I’ve never grown carrots. We do not really have the soil for it – it is heavy clay with lots of stones. We also have a lot of wireworms around here and they do a lot of damage to everything underground. And we have wild carrots and related plants in the surrounding meadows and thus we also have carrot flies. My father tried to grow them once, without success. This year, I decided to give it a try and grow a few. And I did several things to maximize my chances of success.
The first was that I deep-plowed my main vegetable patch, as I said before. And I continued to take stones out of the soil on that patch, which, even after decades of doing so, still produces several buckets every spring (I got three this year again already). If I did not know better, I would have thought that stones grow from the soil and not the other way around. But still, this huge vegetable patch is most definitively the least stony area of my garden.
As the second thing I decided to not sow the seeds directly into the ground but in small seeding trays made from paper egg packages. My father removed the bottoms and filled them with substrate. I wetted the substrate to compress it a little.
After that I let the seeds germinate on a wet paper towel in a receptacle under a lid. Carrots have a relatively poor germination rate directly in soil and they have to be thinned afterwards. The process of thinning allegedly attracts carrot flies and I wanted to avoid that. Today I carefully picked germinated seeds with a BBQ skewer and I placed one of them into each receptacle in the egg trays. I planted 228 seeds this way (12 trays á 10 and 6 trays á 18).
I planted the whole trays in the center of the vegetable patches. That way they will be as far from the surrounding grass as possible, which should shield them a bit from both carrot flies and wireworms.

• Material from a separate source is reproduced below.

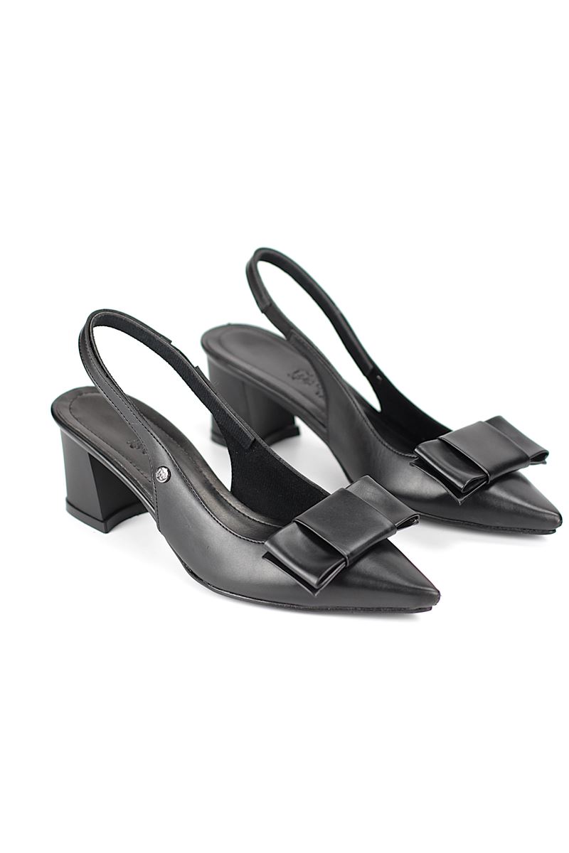Modern ve şık tasarımıyla öne çıkan siyah cilt slingback topuklu ayakkabı, Cilt dokusu ve zarif topuğuyla özel günlerde ve ofis kombinlerinde şıklığınızı tamamlar. Kaymaz tabanı Esnek Dokusu ve rahat kalıbıyla hem stil sahibi hem de konforludur.

And lastly, for today, I thoroughly watered the planted trays. We shall see if it is a success and they at least poke out of the ground. I have no idea how long it should now take for something green to show up. The only thing I can do now is to water them and wait.
Tomorrow I will start planting onions around these trays. Those should allegedly further repel pests and they also allegedly should not compete much with the carrots. I will probably stop the onion planting about 20 cm from these trays anyway so the carrots have an adequate amount of light.